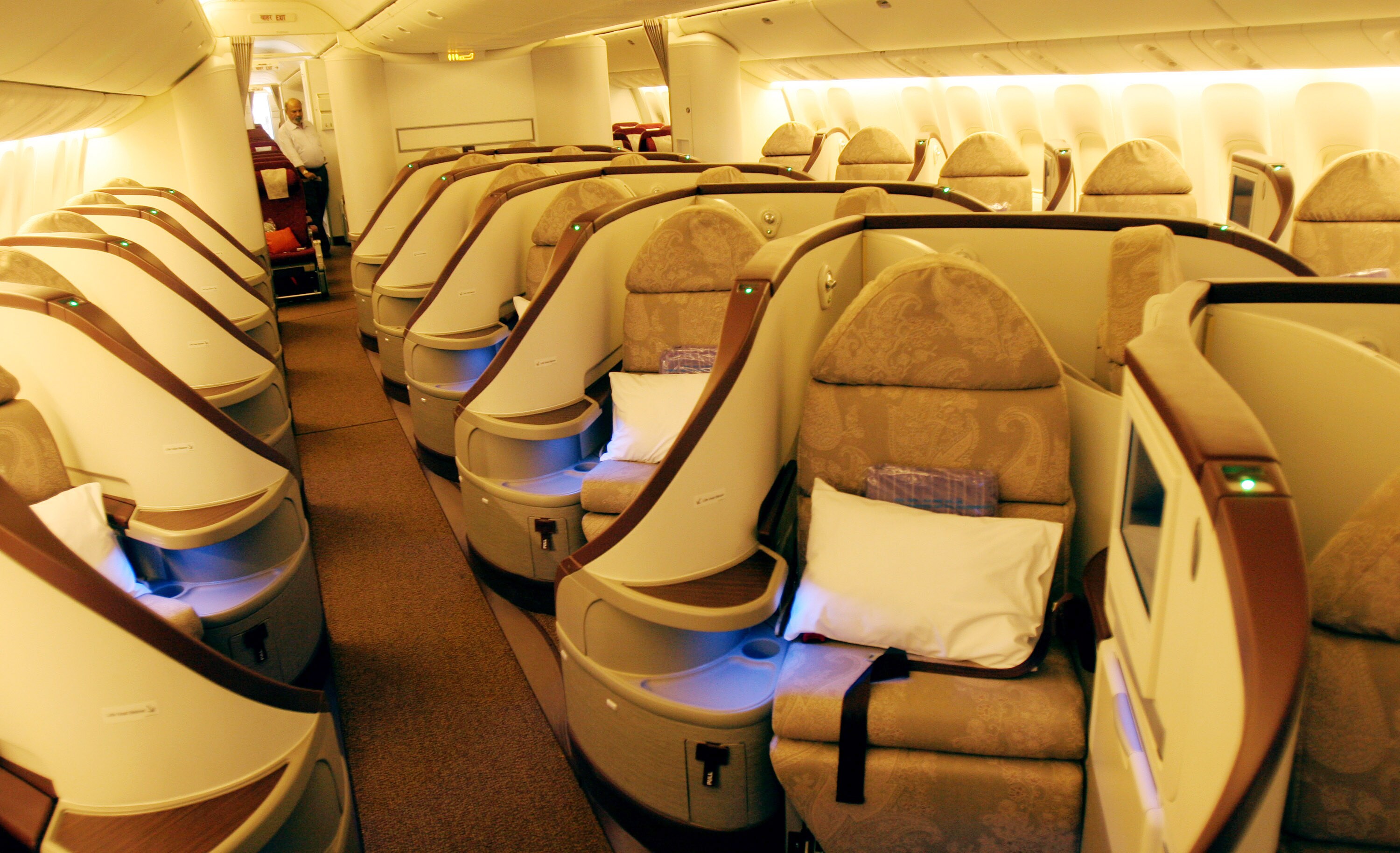 A guest looks at business class facility of Jet Airways Boeing 777-300 and Airbus 330-200 at Chatrapathi Shivaji International Airport. Photographer: Prashanth Vishwanathan/Bloomberg News
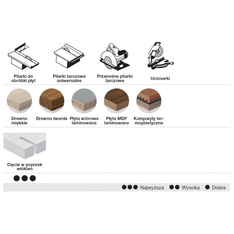 Piły do formatowania płyt obustronnie laminowanych bez użycia podcinacza, dobra jakość obróbki i długi okres eksploatacji.
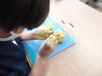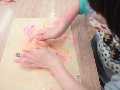 色をつけたい人は,絵の具もいっしょにコネコネ。

> _YOUR GOAL_: Write out all of the data above exactly, without any of its pictures.

> _ANSWER BOX_:
 A guest looks at business class facility of Jet Airways Boeing 777-300 and Airbus 330-200 at Chatrapathi Shivaji International Airport. Photographer: Prashanth Vishwanathan/Bloomberg News
 Piły do formatowania płyt obustronnie laminowanych bez użycia podcinacza, dobra jakość obróbki i długi okres eksploatacji.
 色をつけたい人は,絵の具もいっしょにコネコネ。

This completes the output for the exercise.